The Painted Bird - Jerzy Kosinski [68]
But it was too late to withdraw. I stood on the altar platform, the lean flames of the candles flickering in my eyes. Their uncertain flutter made the agony-racked body of the crucified Jesus seem almost lifelike. But when I examined His face, it did not seem to be gazing; the eyes of Jesus were fixed somewhere downward, below the altar, below us all.
I heard an impatient hiss behind me. I placed my sweaty palms under the cool tray of the missal, breathed deeply, and straining to the utmost, raised it. I cautiously stepped back, feeling the edge of the step with my toe. Suddenly, in an instant of time as brief as the prick of a needle, the weight of the missal grew overwhelming and tipped me backward.
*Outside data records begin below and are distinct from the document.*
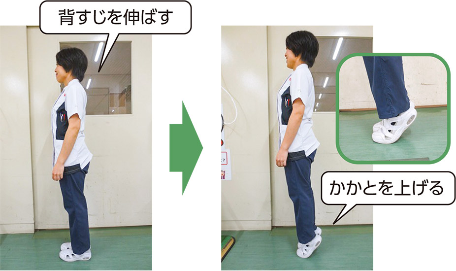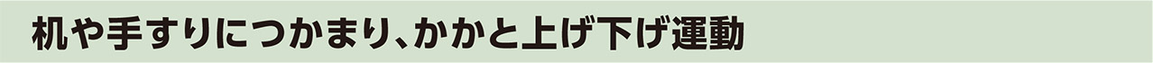 足を肩幅に広げます。不安定な方は机や手すりにつかまり、背すじと両膝をしっかり伸ばし、かかとを上げ下げします。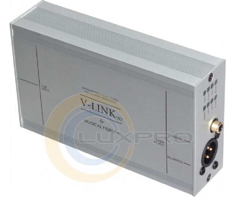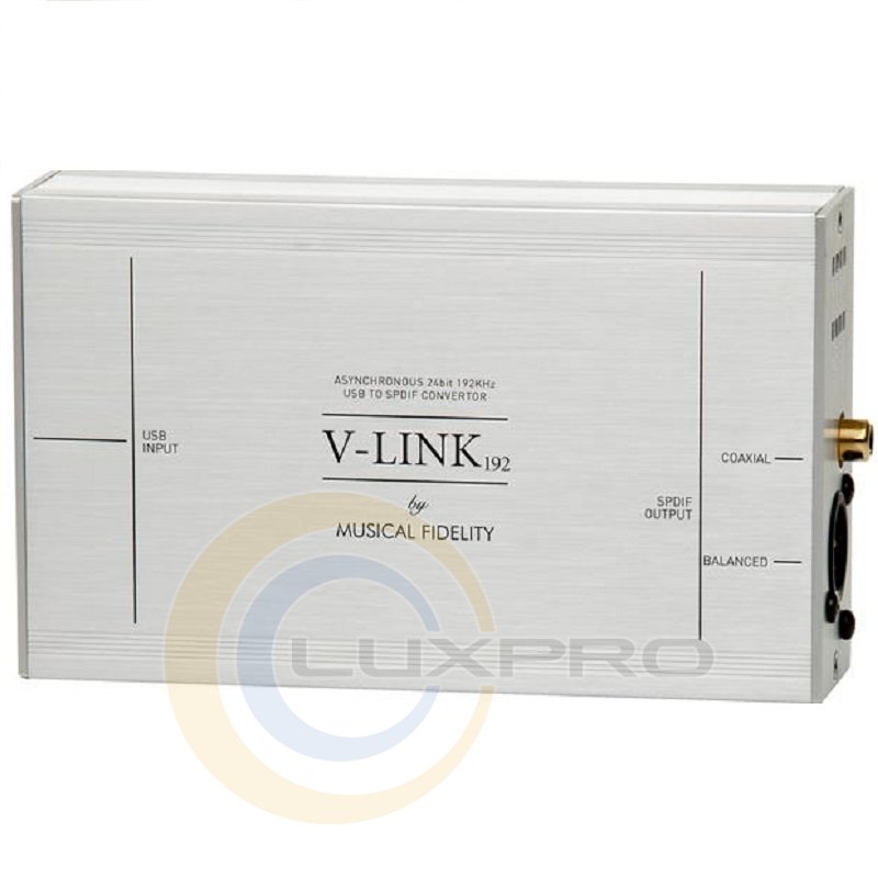 V-LINK192 - конвертер оснащений одним USB (тип B) входом і двома цифровими аудіовиходами (одним коаксіальним і одним повністю балансним), гальванічно ізольованими одна від одної. Пристрій поміщений в строгий, компактний повністю металевий корпус, на якому, крім роз'ємів, розташовані чотири світлодіодні індикатори, що інформують користувача про поточний режим роботи. Харчування конвертера здійснюється через USB-термінал.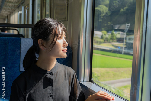 電車で旅する女性1
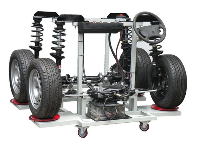 主要組成:前后懸架、 方向機、輪胎、 助力泵、轉(zhuǎn)向電機、方向盤、壓力表、轉(zhuǎn)向刻度盤、座椅、可移動臺架,配套使用說明書和實驗指導書等。主要功能: 1 .可模擬汽車在不同車速時四輪轉(zhuǎn)向的工作情況,并配有轉(zhuǎn)交盤可顯示轉(zhuǎn)向角度的大小,可進行動力轉(zhuǎn)向和非動力轉(zhuǎn)向?qū)嶒灒浜纤妮喍ㄎ粌x可做四輪定位實驗; 2 .通過拆裝實習,充分學習轉(zhuǎn)向系的結(jié)構(gòu)原理,裝配技巧,掌握轉(zhuǎn)向系統(tǒng)的調(diào)整內(nèi)容、方法及組裝順序;同時可方便地檢測裝配的效果和質(zhì)量; 3 .演示原車轉(zhuǎn)向系統(tǒng)的工作過程及轉(zhuǎn)向系統(tǒng)基本結(jié)構(gòu)組成和工作原理; 4 .可進行四輪定位檢測與調(diào)整,四輪定位三要素的調(diào)整和作用。制作工藝: 1 、帶鎖定的萬向腳輪移動裝置,移動自如,便于教學;

I staggered and could not regain my balance. The ceiling of the church reeled. The missal and its tray tumbled down the steps. An involuntary shout sprang from my throat. Almost simultaneously my head and shoulders struck against the floor. When I opened my eyes angry, red faces were bent over me.
Rough hands tore me up from the floor and pulled me toward the doorway. The crowd parted in stupefaction. From the balcony a male voice shouted “Gypsy vampire!” and several voices took up the chant. Hands clamped my body with excruciating hardness, tearing at my flesh. Outside I wanted to cry and beg for mercy, but no sound came from my throat. I tried once more. There was no voice in me.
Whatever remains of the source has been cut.